> _Input_:
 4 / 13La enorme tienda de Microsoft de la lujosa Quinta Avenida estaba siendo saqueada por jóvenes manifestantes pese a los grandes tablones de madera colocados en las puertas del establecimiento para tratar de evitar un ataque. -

--

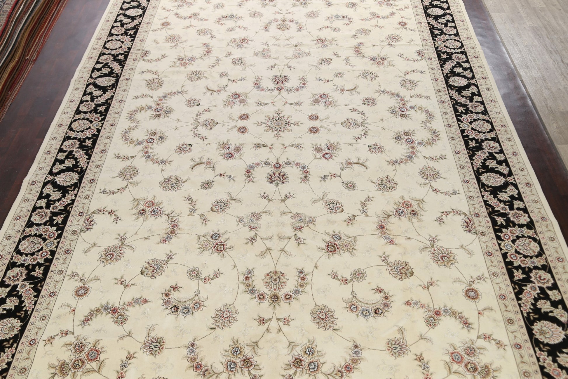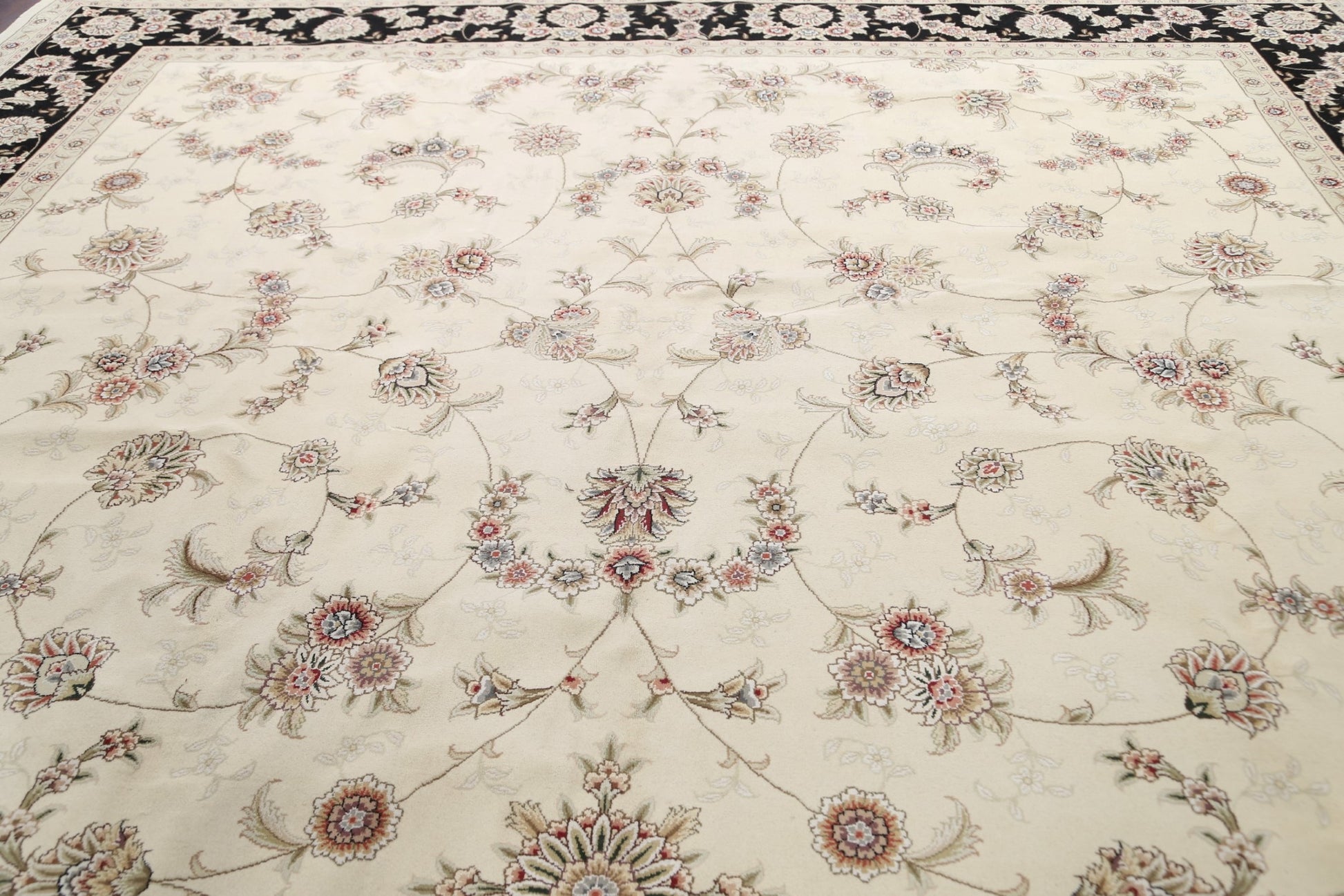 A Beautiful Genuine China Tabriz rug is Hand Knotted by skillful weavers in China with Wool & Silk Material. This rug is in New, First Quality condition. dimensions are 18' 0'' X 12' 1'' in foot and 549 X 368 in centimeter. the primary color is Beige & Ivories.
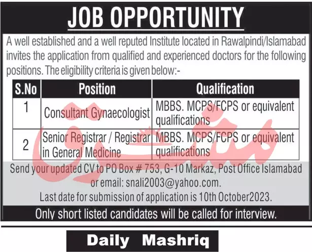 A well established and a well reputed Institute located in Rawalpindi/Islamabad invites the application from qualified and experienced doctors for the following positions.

> _Assigned task_: Please repeat, exactly as written, the lines in the records above, starting with the one that has "A Beautiful Genuine" and going on through the one that has "A well established". Pictures are to be left out.

> _Task output_:
 A Beautiful Genuine China Tabriz rug is Hand Knotted by skillful weavers in China with Wool & Silk Material. This rug is in New, First Quality condition. dimensions are 18' 0'' X 12' 1'' in foot and 549 X 368 in centimeter. the primary color is Beige & Ivories.
 A well established and a well reputed Institute located in Rawalpindi/Islamabad invites the application from qualified and experienced doctors for the following positions.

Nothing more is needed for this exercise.